WORK INSTRUCTIONS
Transcribe exactly, and without pictures, only the lines from the one bearing "商品紹介HAPPY BIRTHDAY BALLOON" through the final line of the data below.

PROVIDED DATA

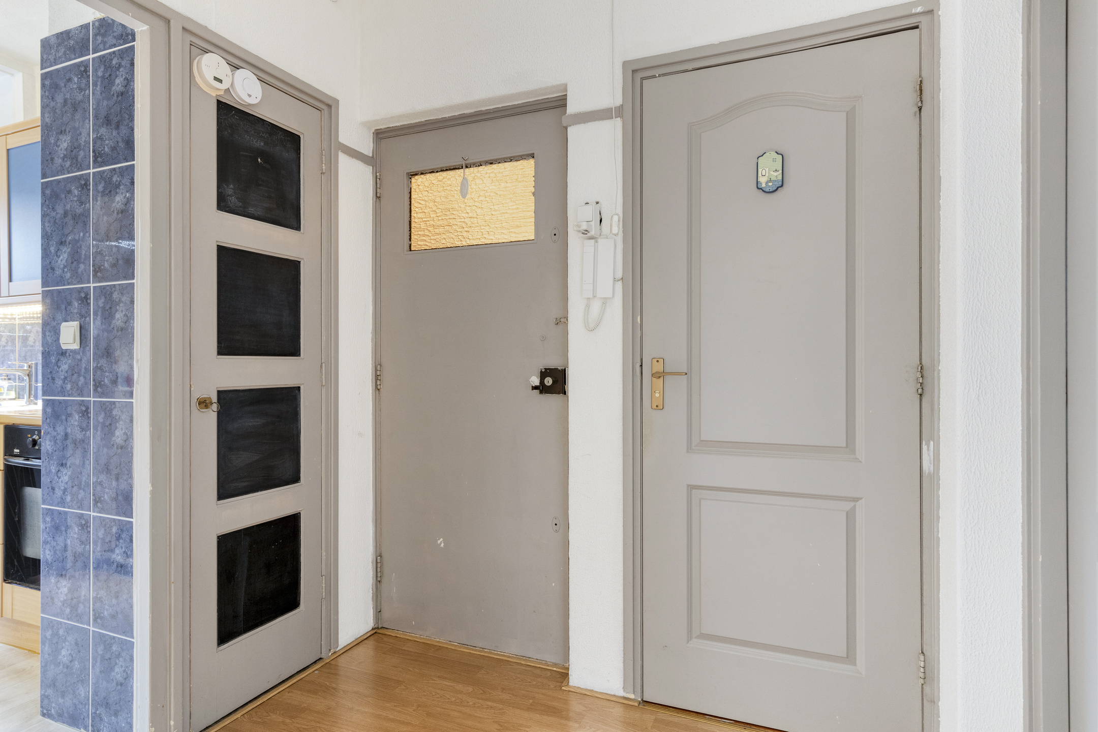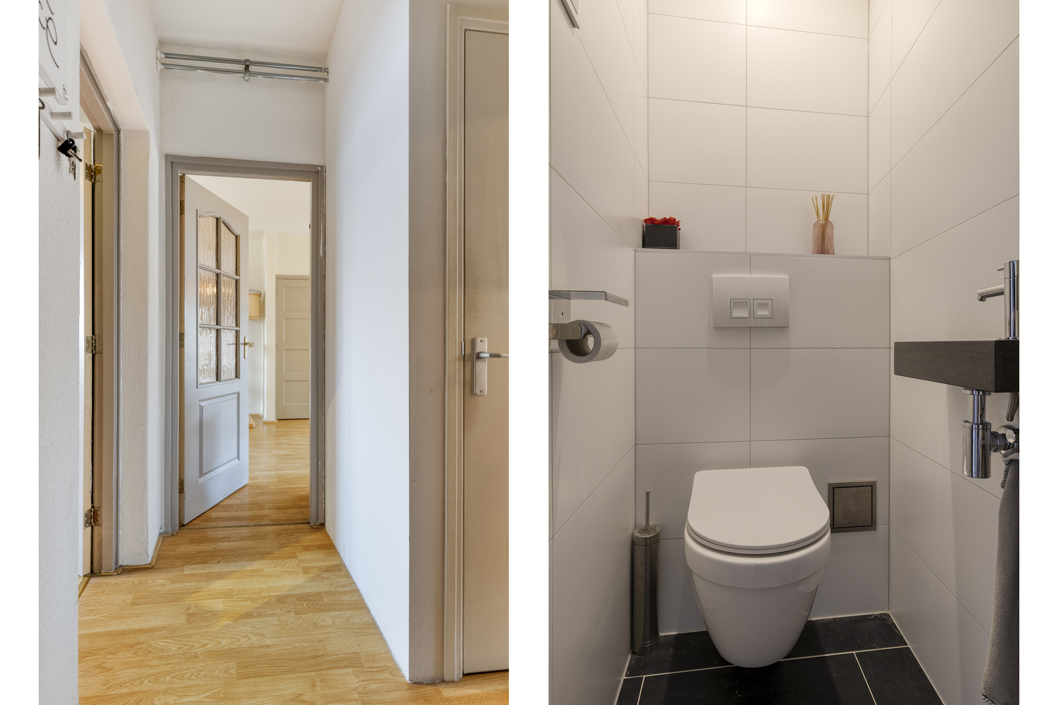 Entree/hal met toegang tot alle vertrekken. Hier bevinden zich tevens de meterkast en een aparte wasruimte – praktisch en netjes weggewerkt. Het geheel betegelde toilet is uitgevoerd met een wandcloset en fonteintje. De woning beschikt over twee goed bemeten slaapkamers, beide met een prettige lichtinval en diverse indelingsmogelijkheden.
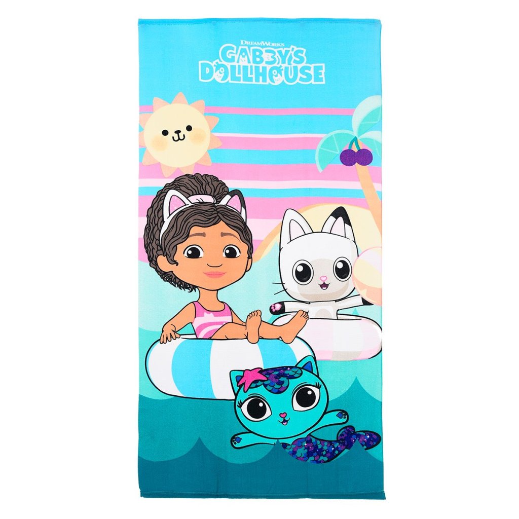 Toalla Gabbys Dollhouse fabricada con material 100% microfibra de alta absorción. Dimensiones: 70 x 140 cm, tamaño ideal para niños.
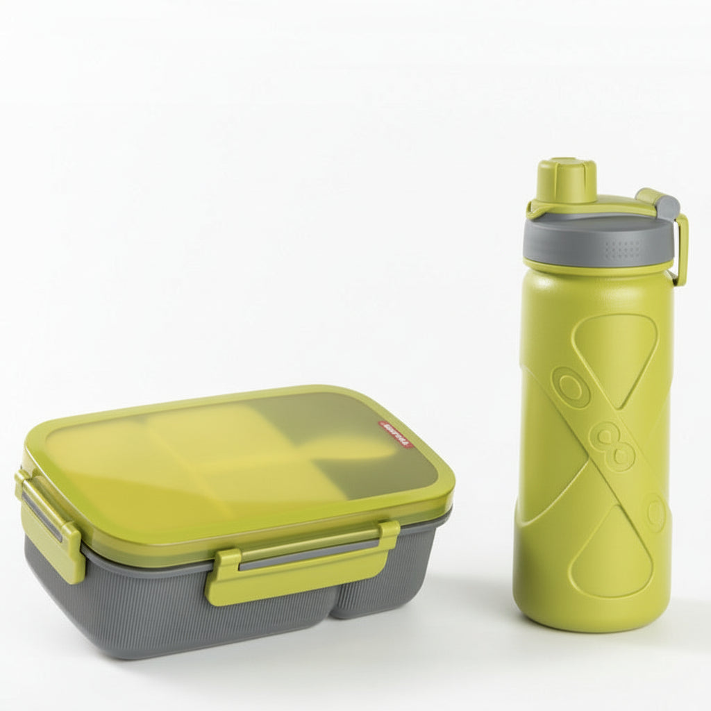 Material: Food-grade PP plastic lunch box with silicone sealing gaskets; BPA-free Tritan bottle with secure screw-top lid
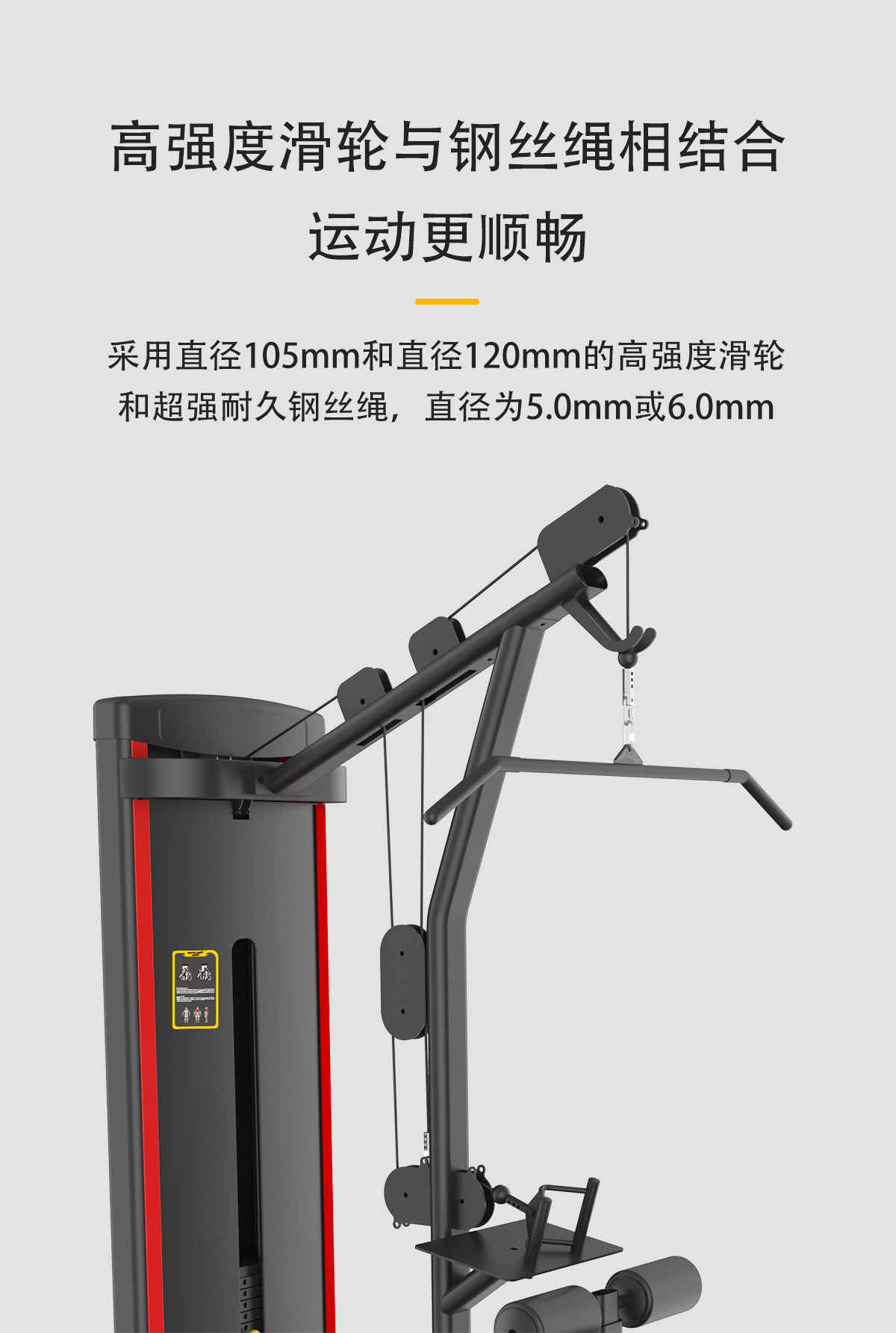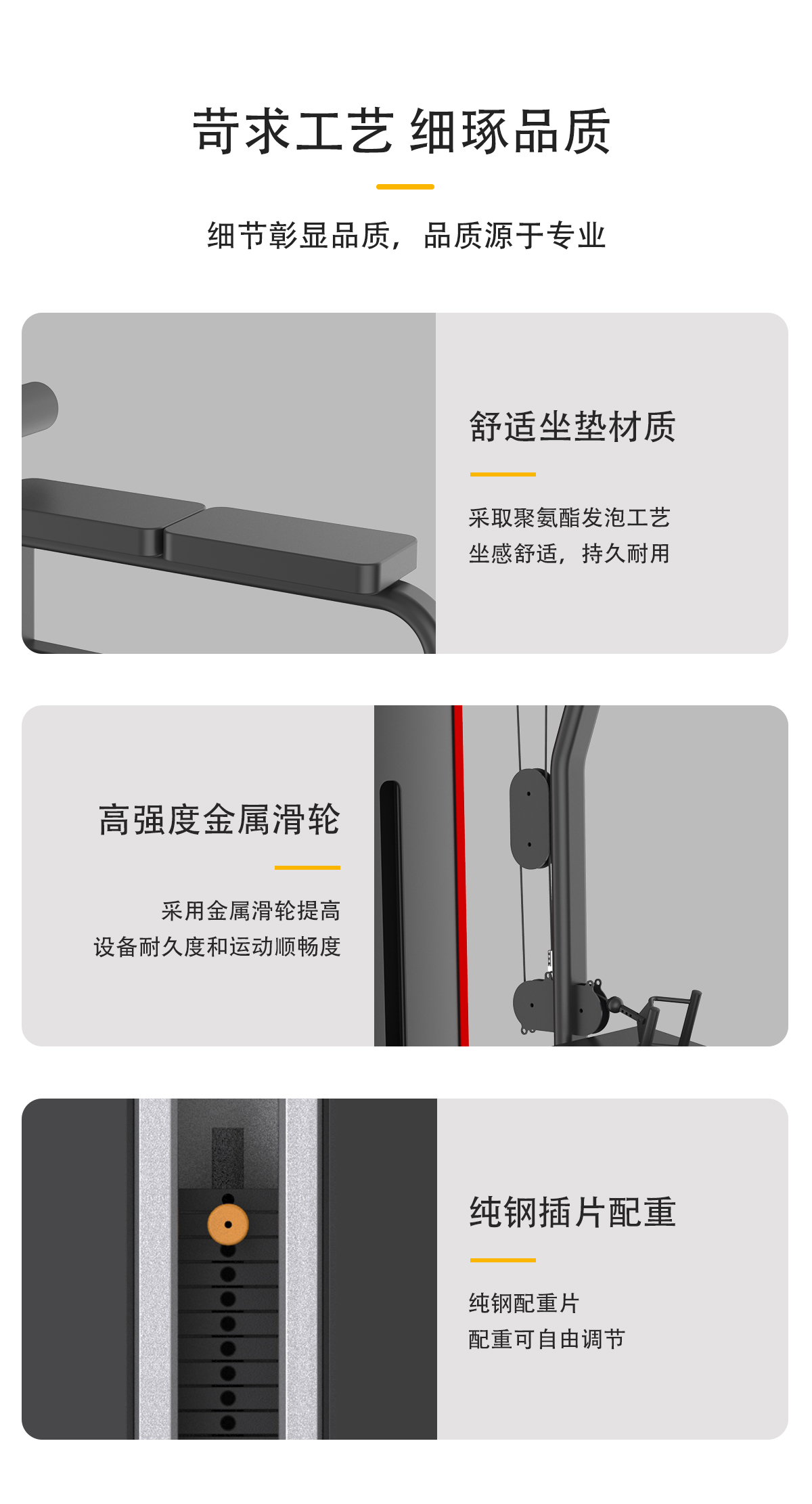配重采用(yòng)強磁插(chā)銷,一次性(xìng)成型坐墊,高檔優質滑輪及鋼絲繩
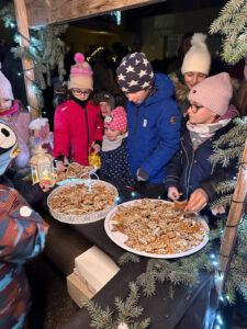 Součástí večera byla i vánoční kavárnička, kde si děti i rodiče pochutnali na voňavých perníčcích, lineckých jablečných koláčích a zahřáli se teplými nápoji.
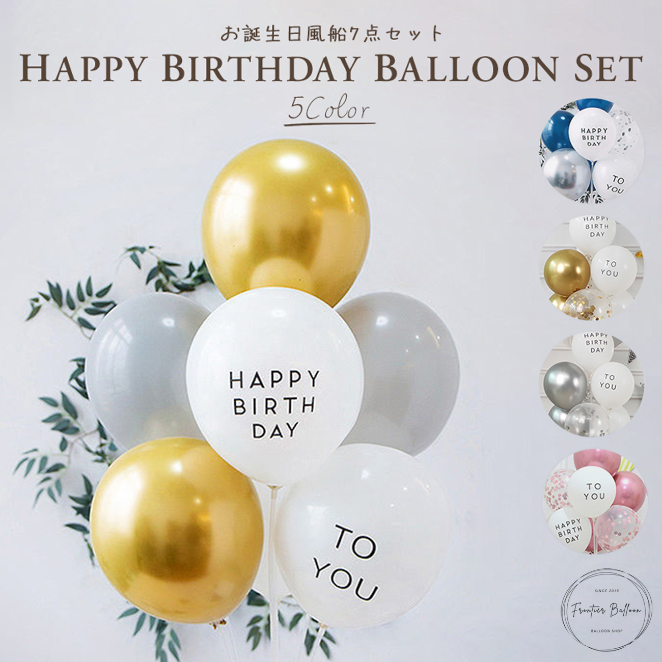 商品紹介HAPPY BIRTHDAY BALLOON SETお誕生日風船7点セットこちらの商品はぺたんこ配送(ヘリウムガスなし)浮かない状態でのお届けとなります。
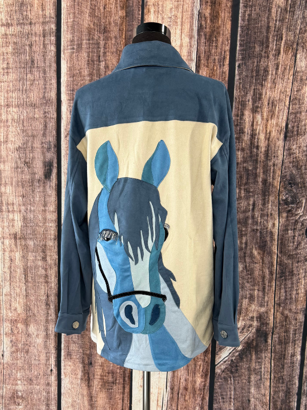 Way Blue Horse Button Up Top With Pockets
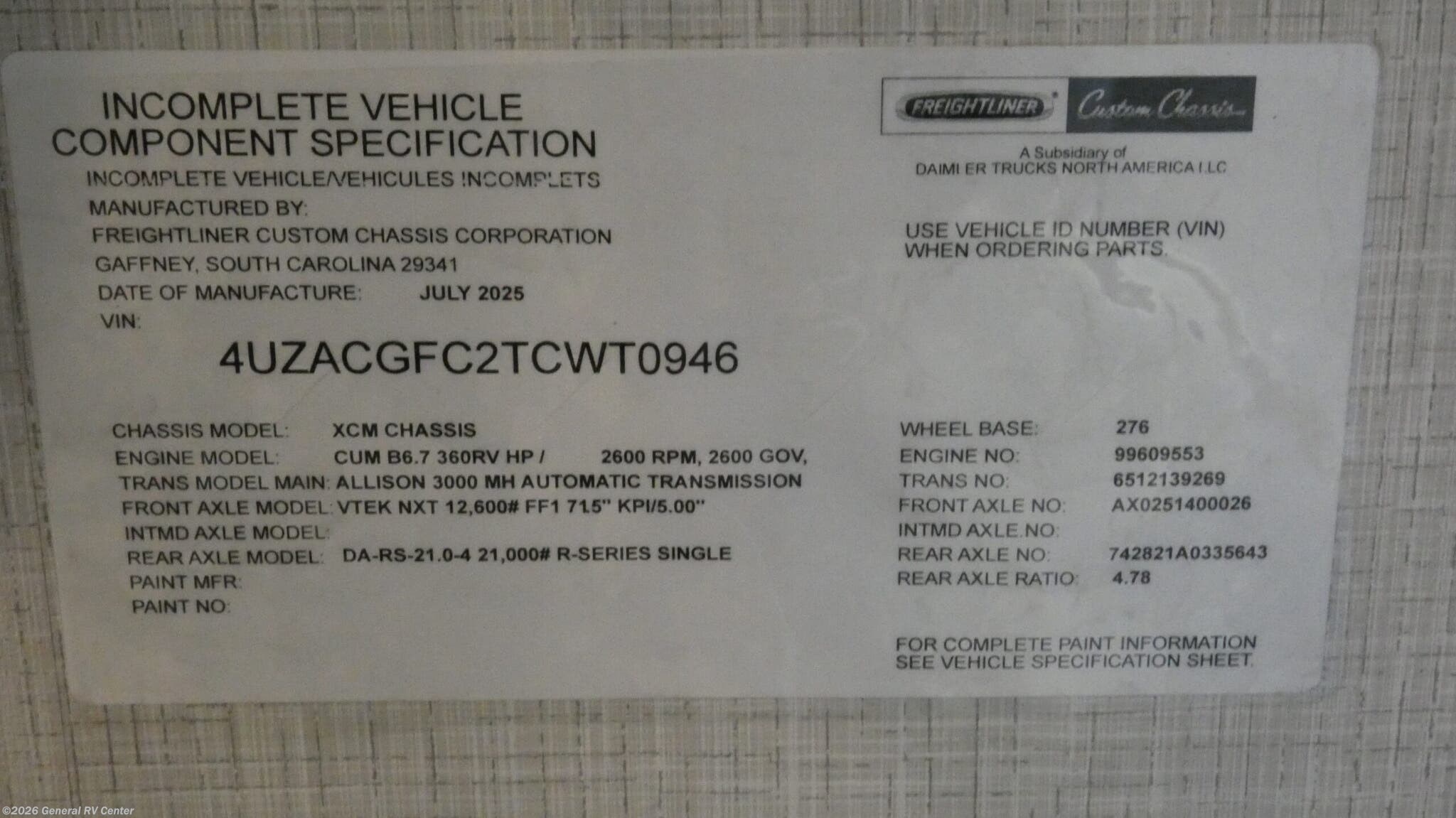 - VIN4UZACGFC2TCWT0946
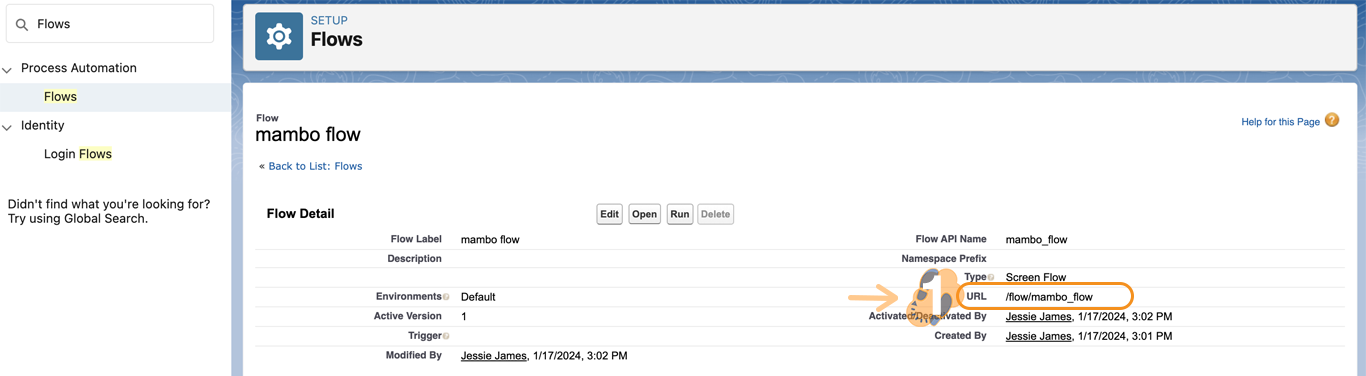 4.5 Locate the “URL” and copy it. In our example, it is called, "/flow/mambo_flow."

RESPONSE FOR THIS EXERCISE
 商品紹介HAPPY BIRTHDAY BALLOON SETお誕生日風船7点セットこちらの商品はぺたんこ配送(ヘリウムガスなし)浮かない状態でのお届けとなります。
 Way Blue Horse Button Up Top With Pockets
 - VIN4UZACGFC2TCWT0946
 4.5 Locate the “URL” and copy it. In our example, it is called, "/flow/mambo_flow."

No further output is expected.